快樂小藥師 Im pharmacist nichts glücklich

Transthyretin (TTR) is an amyloidogenic protein produced by the liver. It is a transport protein for thyroxine (form of thyroid hormone) and retinol (form of vitamin A). Mutation of the TTR gene is the main cause of TTR-FAP, a rare and terminal neurodegenerative disease.

The TTR gene mutates and leads to the development of unstable TTR proteins. These proteins accumulate as amyloid fibrils and get deposited in various organs of the body, affecting the normal function of the organs.

TTR-FAP affects nearly 8,000 people across the world, most of whom are in the EU. It can affect organs such as the nerves, heart and kidneys.

Patients suffering from the disease experience loss of sensation, pain and weakness in the lower limbs, as well as severe impairment of the nervous system leading to erectile dysfunction, weight loss and urinary incontinence.

The disease is progressive wherein patients lose their ability to walk, become bedridden and are unable to take care of themselves. It usually manifests in adults in their early 30s and reaches terminal stage in about ten years.

Vyndaqel (tafamidis)

Development of vyndaqel was based on research carried out at the Scripps Research Institute. The active substance in vyndaqel is tafamidis.

It attaches to the TTR protein and prevents the mutation of the proteins and their deposition as amyloid fibrils, thus slowing the progression of the disease.

Clinical drug trials

A Phase I study was conducted to test the safety and efficacy of vyndaqel in 21 healthy Japanese and western subjects. The trial was started in July 2011 and completed in August 2011.

Two Phase II trials were conducted to assess the safety and efficacy of vyndaqel in patients with non-V30M TTR amyloidosis and V122I or wild-type TTR amyloid cardiomyopathy.

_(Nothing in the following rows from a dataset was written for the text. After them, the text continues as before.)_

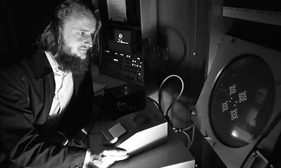 图5 康威正在运行生命游戏(1970年,Kelvin Brodie摄)
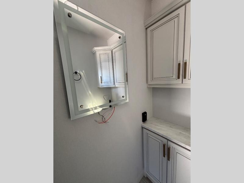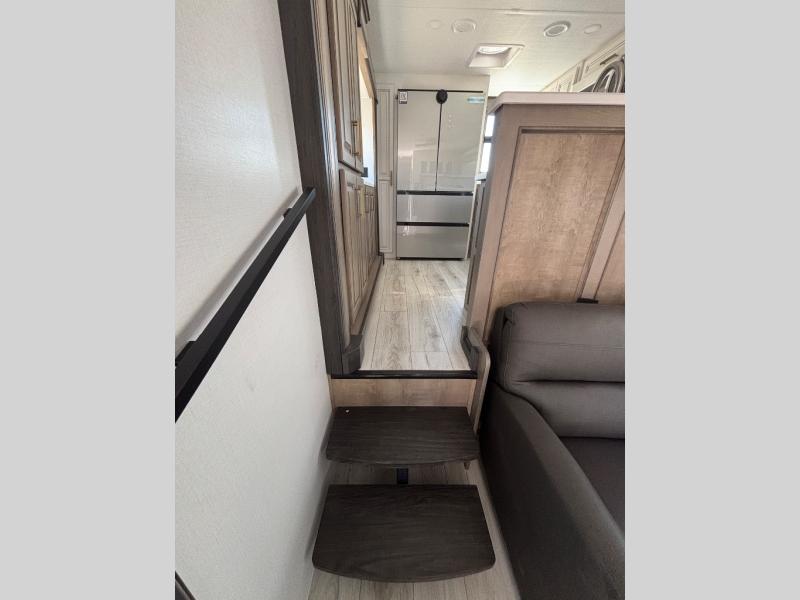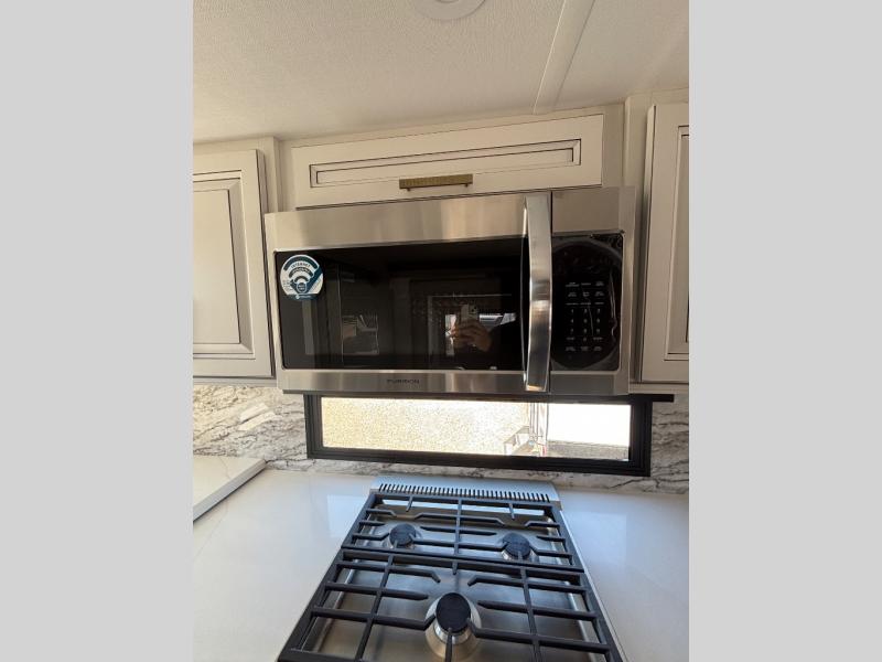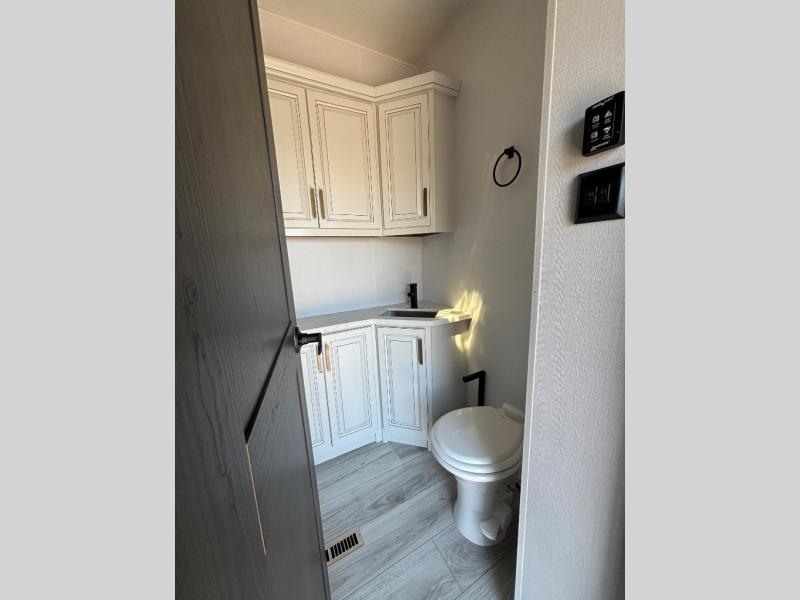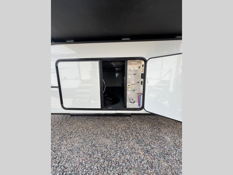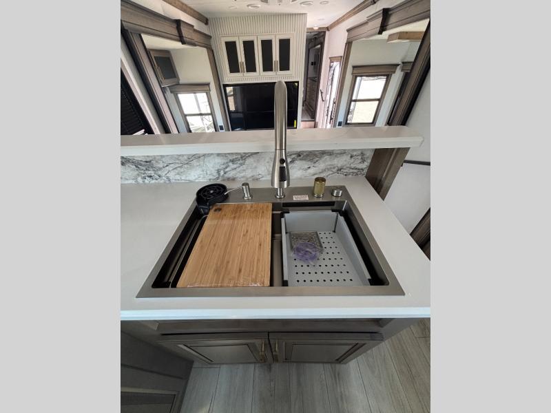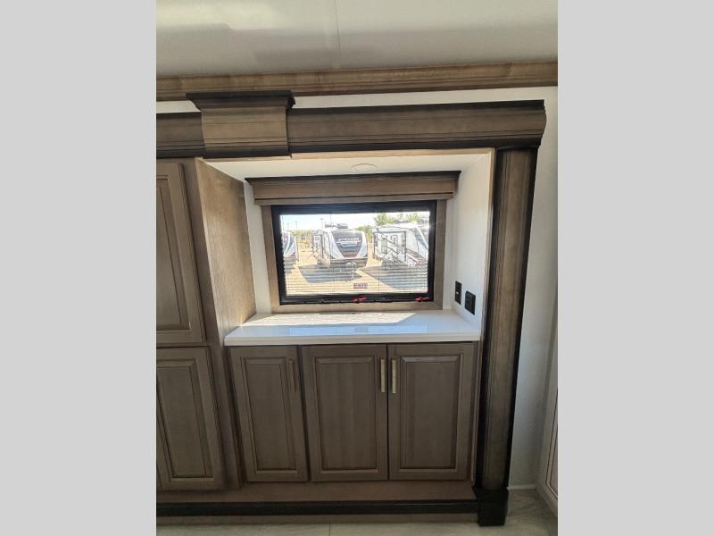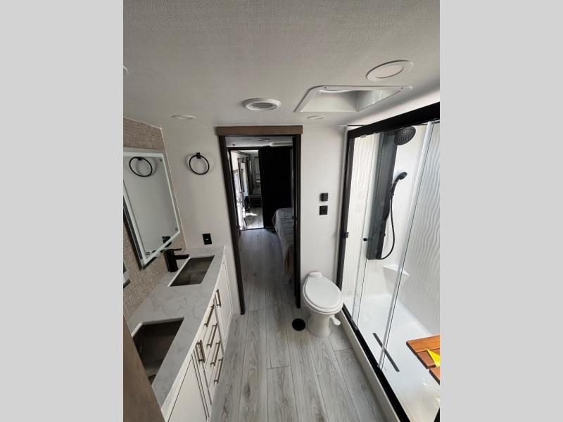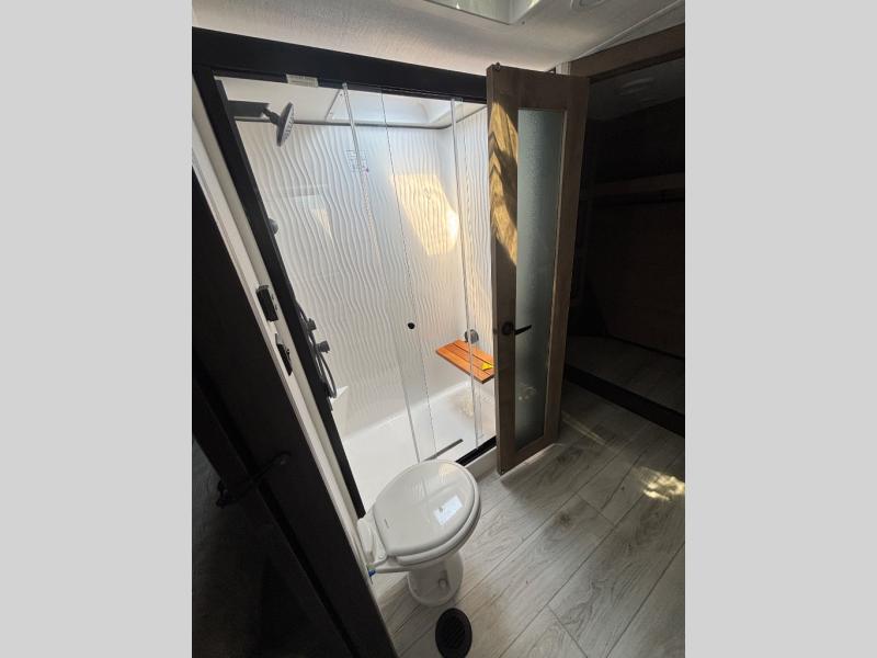 The perfect RV when you like to take "home"' with you when you travel! This Montana fifth wheel gives you the space you want and it feels like home with plenty of features to love and keep you comfortable when you are out enjoying your adventures. Five slides in total give each space plenty of room, the raised rear kitchen has everything you need to cook up meals and snacks just like at home. An 18 cu. ft. residential refrigerator with an ice maker, convection microwave oven and large sink, plus pantry space will make any chef happy. The mid-coach space just inside the door features a living room and half bath for convenience. There is also a pivot dinette within the roadside slide. Step up in front through a sliding barn door to a double slide space with a king bed and dresser. A second sliding door leads into the front spacious master bath featuring dual sinks, a 48" x 30" shower, and a large walk-in wardrobe with washer and dryer prep!
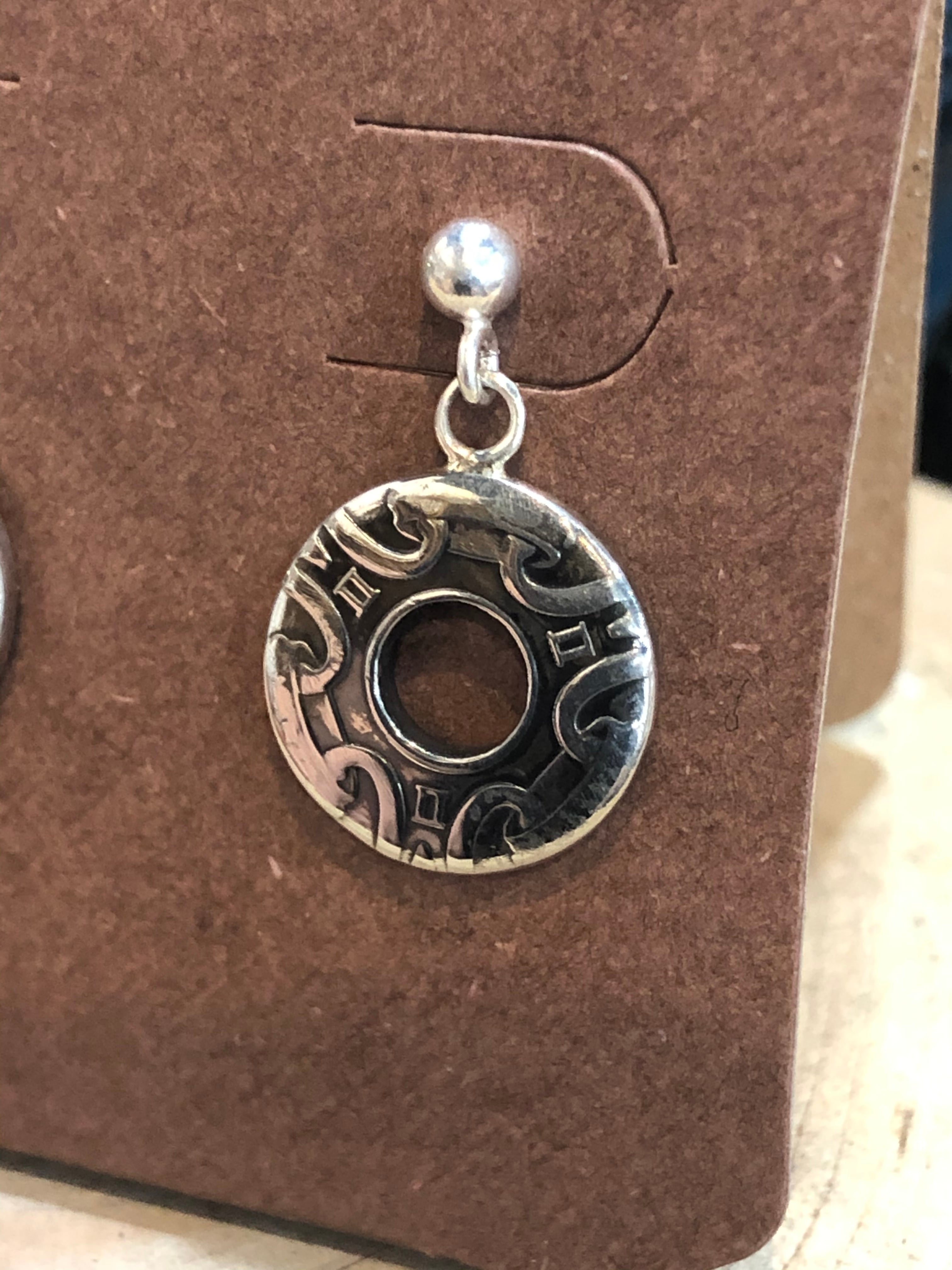 紹介させて頂く商品は、デンマーククローネコインを素材でリングを作った際に出来た端材を使って、端材に穴をあけずに上面に丸カンをロウ付けして作成したピアスです。

Approval of vyndaqel was based on two Phase II / III clinical trials - Fx-005 and Fx-006. Fx-005 was an 18-month randomised double-blind study carried out across eight international sites. The study tested the effect of the drug in 128 patients with TTR-FAP. The primary endpoint of the study was a measure of the Neuropathy Impairment Score - Lower Limb (NIS-LL), which is a neurologic exam of the lower limbs.

The second trial, Fx-006, was a 12-month long open-label extension study of Fx-005. Out of the 128 patients recruited for the Fx-005 study, 86 participated in the Fx-006 study. The rate of change of NIS-LL was observed during the Fx-006 study.

In both the studies, vyndaqel demonstrated its ability to delay peripheral neurologic impairment when compared to placebo. In patients treated with vyndaqel, 51% to 81% less deterioration was observed in neurologic function. Vyndaqel was also effective in improving the modified body mass index of the patients. The most adverse reactions during the studies were diarrhoea, abdominal pain and urinary tract infection.

Three long-term Phase III open-label safety and efficacy trials are currently ongoing to collect additional data about the drug.

Marketing commentary

Treatment for rare diseases such as TTR-FAP is a fast growing sector. The only treatment available for the disease is a liver transplant, which is limited by low availability of donors.

The procedure for a liver transplant is, moreover, expensive and invasive and does not always guarantee success.

Vyndaqel is the first drug in its class to be approved in the EU, where the number of people affected by TTR-FAP is high. Orphan drug designation in both the EU and the US will further strengthen vyndaqel's market position.